Please restate exactly the lines from the one holding "Welcome to this" to the end of the material, including both ends and excluding every picture.

> _SOURCE DATA_:
━━━━━━━━━━━━━━━━━━━━━━━━━━━━━━
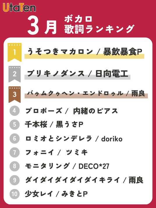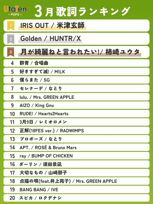 歌詞・音楽情報メディア「UtaTen(うたてん)」は、2026年3月度の「UtaTen月間歌詞ランキング」を発表しました。
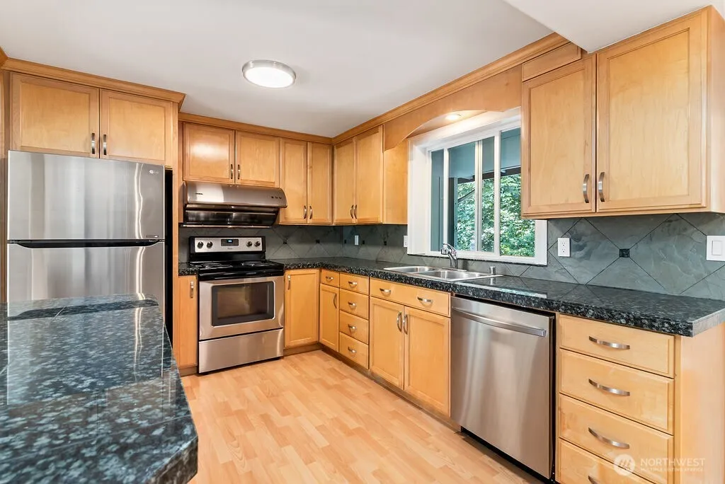 Welcome to this nicely updated home on a quiet cul-de-sac with privacy. Features hardwood flooring at the entrance and stairs, new laminate throughout, carpet in bedrooms, and tile in bathrooms. Fresh interior paint, modern light fixtures, and built-ins add charm. The formal dining area offers a built-in china cabinet with access to a covered balcony. The primary bedroom features skylights and a full en-suite bath with soaking tub and separate shower. The lower level includes a bedroom and bonus room with kitchenette, private covered deck, and a half bath combined with the utility area—ideal for guests or multi-use. Enjoy a private backyard surrounded by mature trees. Garage has extra storage and a long extended driveway for ample parking.
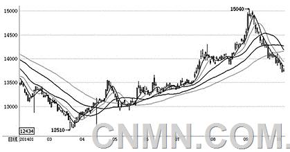 2014年以来沪铝价格走势见图4。从图4可见,2014年三季度,沪铝价格出现强势回升,从7月初的13360元/吨上涨至9月初的15040元/吨,出现年内新高,涨幅为2.3%。但在价格反弹过程中,伴随着部分关停产能的复产及大修槽的重新启动,供需基本面没有根本性改善的情况下,铝价回升动力不足,三季度下旬跌至13755元/吨。
━━━━━━━━━━━━━━━━━━━━━━━━━━━━━━
> _EXERCISE SOLUTION_:
 Welcome to this nicely updated home on a quiet cul-de-sac with privacy. Features hardwood flooring at the entrance and stairs, new laminate throughout, carpet in bedrooms, and tile in bathrooms. Fresh interior paint, modern light fixtures, and built-ins add charm. The formal dining area offers a built-in china cabinet with access to a covered balcony. The primary bedroom features skylights and a full en-suite bath with soaking tub and separate shower. The lower level includes a bedroom and bonus room with kitchenette, private covered deck, and a half bath combined with the utility area—ideal for guests or multi-use. Enjoy a private backyard surrounded by mature trees. Garage has extra storage and a long extended driveway for ample parking.
 2014年以来沪铝价格走势见图4。从图4可见,2014年三季度,沪铝价格出现强势回升,从7月初的13360元/吨上涨至9月初的15040元/吨,出现年内新高,涨幅为2.3%。但在价格反弹过程中,伴随着部分关停产能的复产及大修槽的重新启动,供需基本面没有根本性改善的情况下,铝价回升动力不足,三季度下旬跌至13755元/吨。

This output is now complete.